Тем временем шмон завершился, сани с добычей тянутся к лесу. Следом рысят егеря. Отправляюсь за ними. Возле бивуака притормаживаем, забираем нестроевых и вытягиваемся в колонну на лесной дороге. Еду в середине. Меня нагоняет Синицын.
— Гляньте, Платон Сергеевич! — протягивает холщовый мешочек с чем-то тяжелым. Беру (увесистый, блин!), распускаю тесемки — монеты! Извлекаю одну — серебряный франк с профилем Наполеона в лавровом венке. Интересно. Для чего французам серебро? Они, как и мы, предпочитают ассигнации. Ладно, нам же лучше.
— В одном из зарядных ящиков были, — улыбается Потапович. — Хорошо, что велели заглянуть.
— Много нашли?
— Не считали еще, но не менее двух десятков таких мешочков. Сколько это будет на наши?
— Посчитаем. Вот это, — показываю франк, — один русский рубль на ассигнации.
Примерно так выходит. Франк весит пять граммов, российский серебряный рубль предвоенной чеканки — 18. Соотношения серебряных денег к бумажным где-то один к четырем.
— Неплохо разжились, — кивает Синицын. — А еще меха, посуда. Какие будут приказания, Платон Сергеевич? Возвращаемся в полк или продолжим воевать?
— А что думают господа офицеры?
— Воевать рвутся, — улыбается Потапович. — Понравилось. Французов вон сколько побили, а у нас потерь нет. Двое раненых, да и те легко. Трофеи богатые взяли. Это они еще о серебре не знают. Как быть с ним?
— Оставим себе. Половину денег внесем в полковую кассу, остальные раздадим тем, кто ходил в рейд — офицерам и рядовым. Надо будет посчитать по сколько выйдет.
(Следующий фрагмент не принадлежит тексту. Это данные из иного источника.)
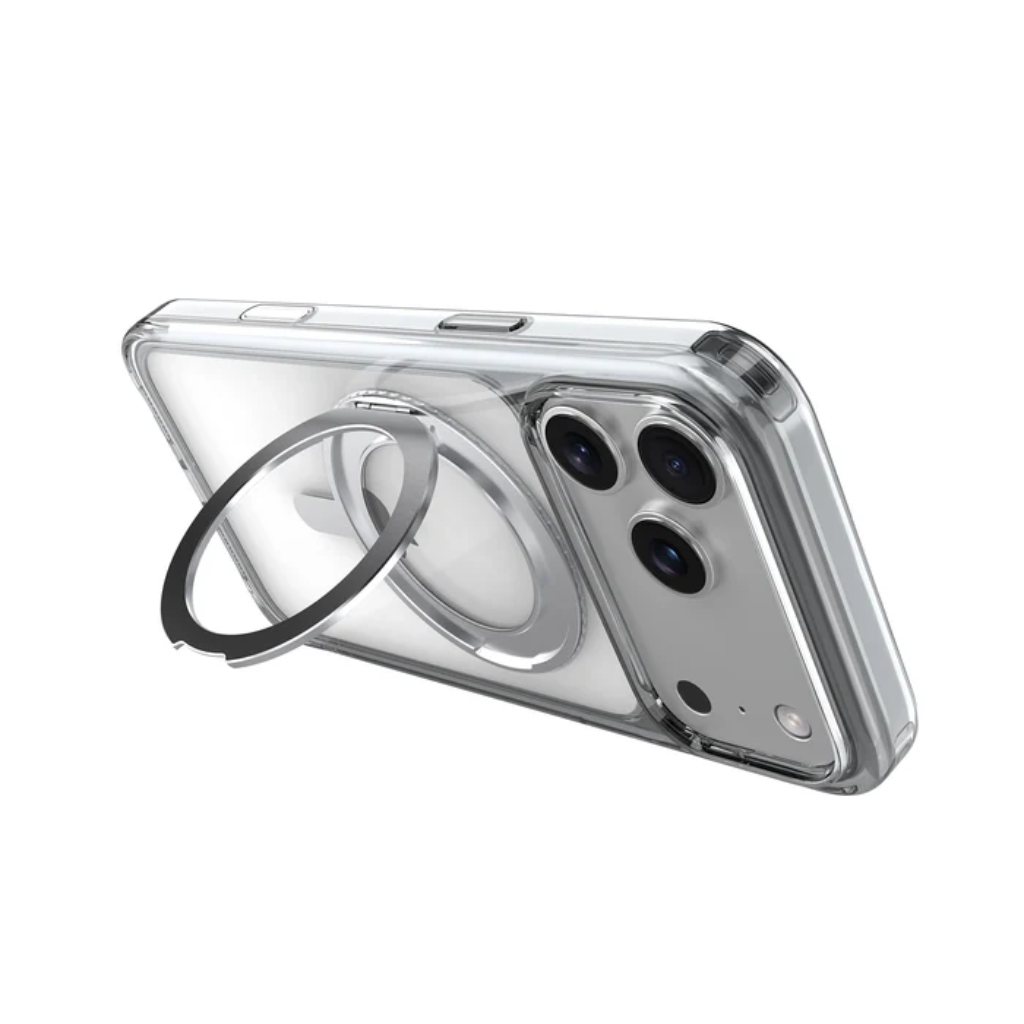 Delgado. Innovador. Su material dual proporciona flexibilidad y absorción de impactos. Su soporte giratorio de 360 ​​grados permite ajustarlo al ángulo que desees. Diseño minimalista, pero resistente a golpes y caídas. *Con la experiencia adicional de poder cargar de forma inalámbrica su teléfono mediante la tecnología MagSafe®.

— Офицерам не менее, чем по двести рублей, — на ходу прикидывает Синицын. — Это вместе с другими трофеями. Унтерам — по четверному билету, рядовым — по десять рублей, а то и пятнадцать. Больше годового жалованья. Это мы хорошо сходили.
— Бонапарт любит говорить: «Война должна кормить сама себя». По пути к Москве они грабили нас, теперь роли поменялись. Обдерем их как липку! С каждого француза по рублю — русскому солдату изба по выходу в отставку.
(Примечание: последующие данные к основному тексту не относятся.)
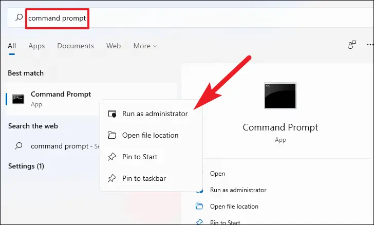 1. Open Command Prompt with administrator privileges.

— А офицеру — дом о двух этажах, — смеется Потапович.
Почему бы и нет? Если Родина не заботится о своих защитниках, они сделают это сами. После войны солдат станут загонять в военные поселения с их регламентированным до мелочей бытом и телесными наказаниями. Даже крепостных так не били. Они же имущество, зачем портить? А вот солдат — казенный, значит, ничей. Офицеры, ставшие инвалидами в боях, получат мизерные пенсии и будут влачить жалкое существование. Поменять ситуацию в целом не смогу, но сослуживцам помочь стоит.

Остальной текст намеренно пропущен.